CLA | INS | P1 | P2 | P3 | Data | Data | Data | Data |
0x80 | 0xD2 | Record Number (0..N-1) | 0x00 | Length (0x04) | Byte 1 | Byte 2 | Byte 3 | Byte 4 |
表に示したように、このコマンドは、合計で6バイトを持っています。そのうち、1バイトはレコード番号(0~N-1)を示し、もう1バイトは書き込まれるバイト数(長さ = 0x04)を示し、さらに4データバイトがあります。コマンドが正常に完了した場合、2バイトのステータス情報(正常な完了の場合は0x90 0x00)が返されます。
実行ファイルのロード
DS8007のEVキットボードをロードすると、このスマートカードサンプルトランザクションソフトウェアもセットでロードされます。このソフトウェアの存在を確認するには、ボードに電源を入れてディスプレイを観察してください。最後に「Insert card into large socket below.(カードを下の大きいソケットに挿入してください。)」という2行バナーが表示された(図1)場合、このプログラムはロードされています。このバナーが表示されない場合、このプログラムは、MTKソフトウェアを使用してボードのバッテリバックアップSRAMにロードすることができます。アプリケーションノート4036 (上記参照)には、アプリケーションファイルのロード方法が説明されています。ロードするファイルは、Trans.hexで、上記のftpウェブサイトからダウンロード可能なAN4120_SW.zipファイルに含まれています。
図1. 「カードを挿入してください」バナー
ファイルがロードされてブートストラップローダが切断されると同時に、プロセッサはアプリケーションを実行し始めます。PCにまだ接続している場合は、MTK画面にプログラムのRS-232シリアル出力が表示される場合がありますが、この情報は分析やデバッグ用であるため、無視してください。ユーザは、LCDモジュールに表示された指示に従ってください。シリアル出力の意味を判断するために、必要に応じて、ソースコードを分析することができます。

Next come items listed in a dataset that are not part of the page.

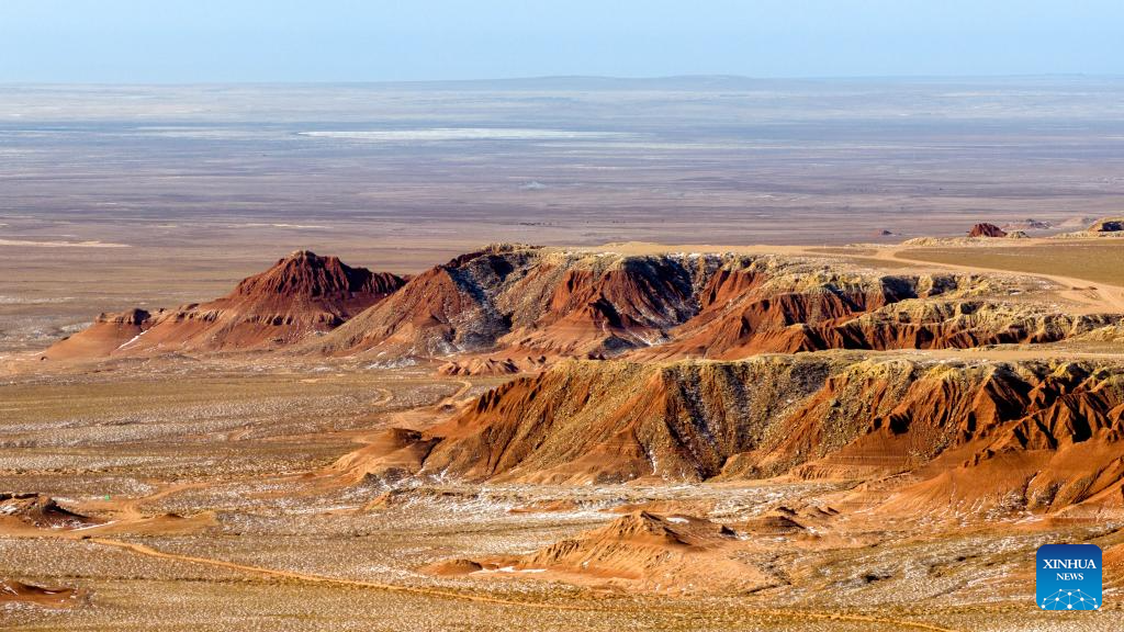 An aerial drone photo taken on Jan. 29, 2026 shows a scene of the Hongya Tableland in Siziwang Banner, north China's Inner Mongolia Autonomous Region. Located in the northern part of Siziwang Banner in Ulanqab, the Hongya Tableland is a key component of the Siziwang National Geopark in north China's Inner Mongolia Autonomous Region. Featuring towering red hills and deep gullies, the landscape forms a majestic painting with lingering snow. (Xinhua/Bei He)
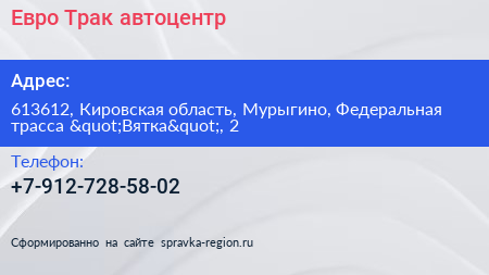 Евро-Трак, автоцентр по адресу 613612, Кировская область, Мурыгино, Федеральная трасса "Вятка", 2 в дальнейшем Организация, размещена в следующих категориях:
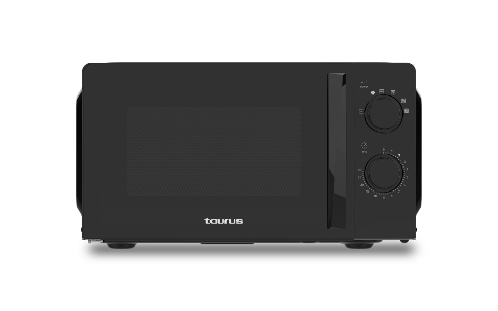 Microondas - Taurus Ready Ver.II, 700 W, 6 Niveles de Potencia, 20l, Temporizador 30 min, Descongelación, Luz Interior, Puerta de Cristal, Black
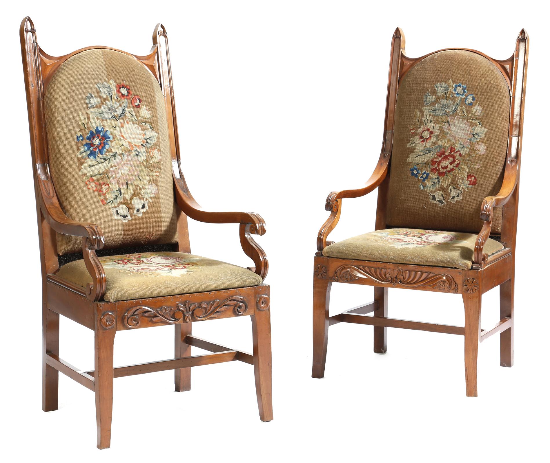 Two similar 19th century continental fruitwood Gothic armchairs, each with a padded needlework back and seat. (2)

スマートカードを挿入すると、LCDに、カードの現在のトランザクション数と口座残高の概要が表示されます。その後、ディスプレイは、デビット、クレジット、および初期化の各トランザクションオプションを連続的に繰り返し、約2秒ごとに切り替えます。希望するトランザクションが表示されたら、SW4スイッチを押してこのトランザクションを実行します。画面に、実行したアクションが表示されます。終了メッセージが表示され、ユーザはスマートカードを取り出すように指示されます。この時点で、トランザクションサイクルが繰り返され、カードが再挿入されるのを待機します。
結論
このアプリケーションノートに説明されたシステムは、マルチプロトコルデュアルスマートカードインタフェースチップのDS8007とセキュアマイクロコントローラのDS5002に基づくスマートカード支払処理システムを実現しています。6kBのEEPROMメモリを搭載するACOS3スマートカードが用いられ、この不揮発性メモリに情報を格納するために、カードのRead RecordおよびWrite Recordコマンドを使用します。オンボード2行 x 20文字LCDからフィードバックがユーザに提供されます。クレジットおよびデビットトランザクションがスマートカード初期化機能とともに実現されています。ソースコードファイルは、ダウンロードが可能で、これを基にして実際の業務システムを構築することができます。